-- Your goal --
Write out word for word the lines from the one holding "P10 พระปิดตา ด้านหลังเรียบแห้ง" through the end of the data, and only those lines. Pictures stay out.

-- The data --
--- --- ---
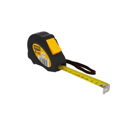 Miara zwijana 5 m x 19 mm 0700-441906 Hardy to solidna taśma miernicza z automatyczną blokadą, przeznaczona do intensywnych prac budowlanych, remontowych i montażowych. Stalowa taśma o długości 5 m i szerokości 19 mm zapewnia dobrą sztywność przy wysuwie, co ułatwia pomiary wykonywane przez jedną osobę. Wytrzymała, plastikowa obudowa o zwartej konstrukcji chroni mechanizm i taśmę przed uszkodzeniami mechanicznymi na budowie. Automatyczna blokada zatrzymuje taśmę po wysunięciu, umożliwiając wygodny odczyt bez konieczności ręcznego przytrzymywania. Miara wyposażona jest w metalowy zaczep do pasa oraz zaczep na końcu taśmy, co ułatwia pracę przy pomiarach krawędzi i elementów konstrukcyjnych.
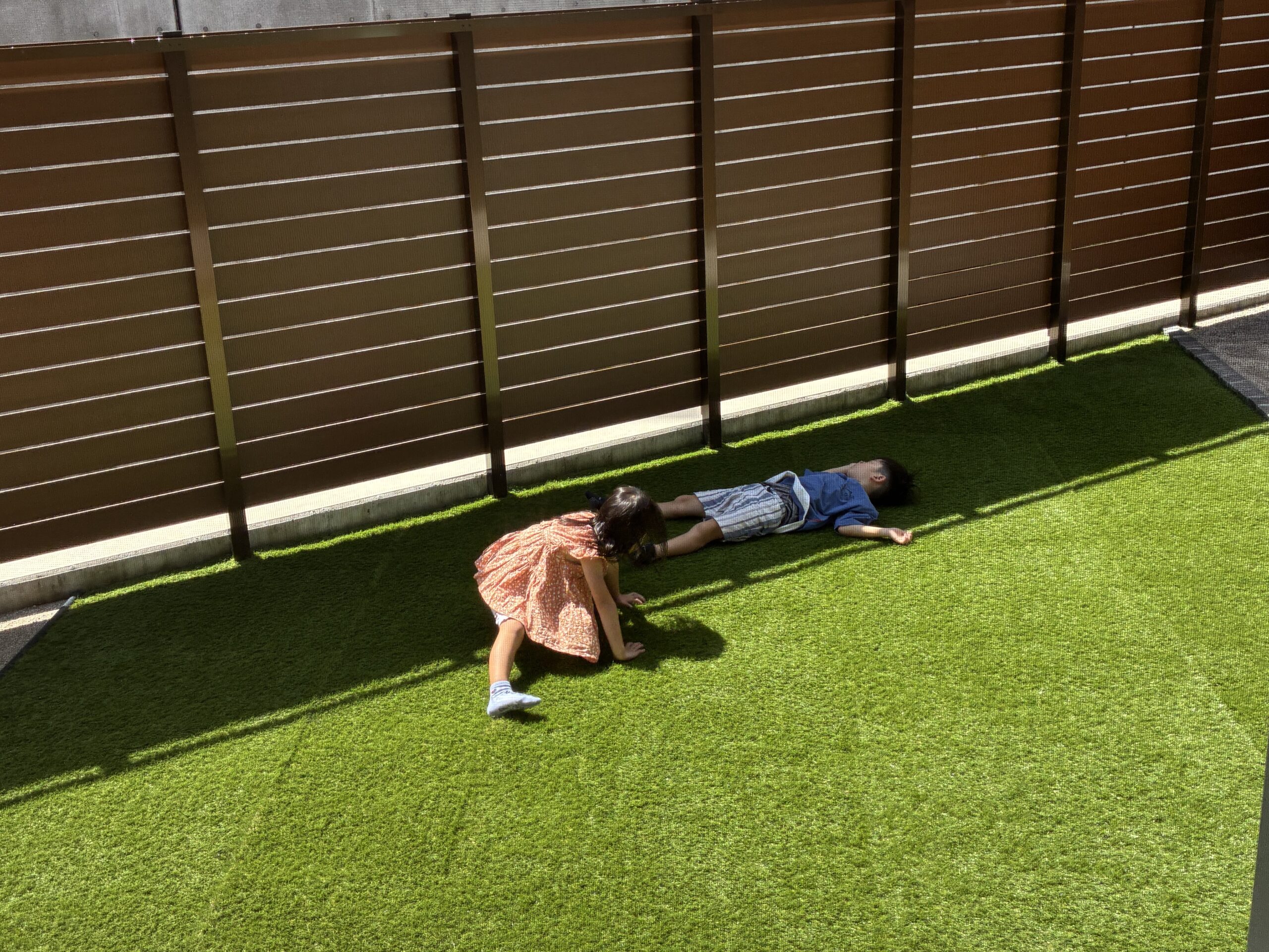 こちらは引渡し当日、のびのびと人工芝を堪能するお子様です♪
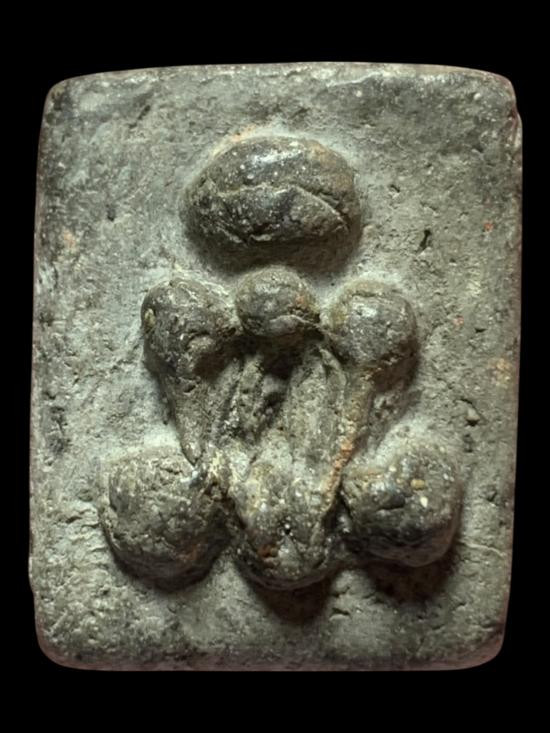 P10 พระปิดตา ด้านหลังเรียบแห้ง มีเนื้อส่วนผสมว่านผงเม็ดกรวดเล็ก ๆ ตามธรรมชาติของพระเนื้อเก่า ไม่ทราบที่ (เคาะเดียวแดง) |
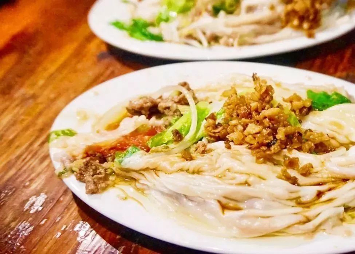 普宁粉皮白如雪花、薄如蝉翼、晶莹剔透,吃起来鲜香满口、细腻爽滑,还有一点点韧劲。晶莹剔透的粿卷拌有零碎新鲜的肉沫,再浇上精心调制过的酱汁,实在是人间美味。
--- --- ---
-- Response area --
 P10 พระปิดตา ด้านหลังเรียบแห้ง มีเนื้อส่วนผสมว่านผงเม็ดกรวดเล็ก ๆ ตามธรรมชาติของพระเนื้อเก่า ไม่ทราบที่ (เคาะเดียวแดง) |
 普宁粉皮白如雪花、薄如蝉翼、晶莹剔透,吃起来鲜香满口、细腻爽滑,还有一点点韧劲。晶莹剔透的粿卷拌有零碎新鲜的肉沫,再浇上精心调制过的酱汁,实在是人间美味。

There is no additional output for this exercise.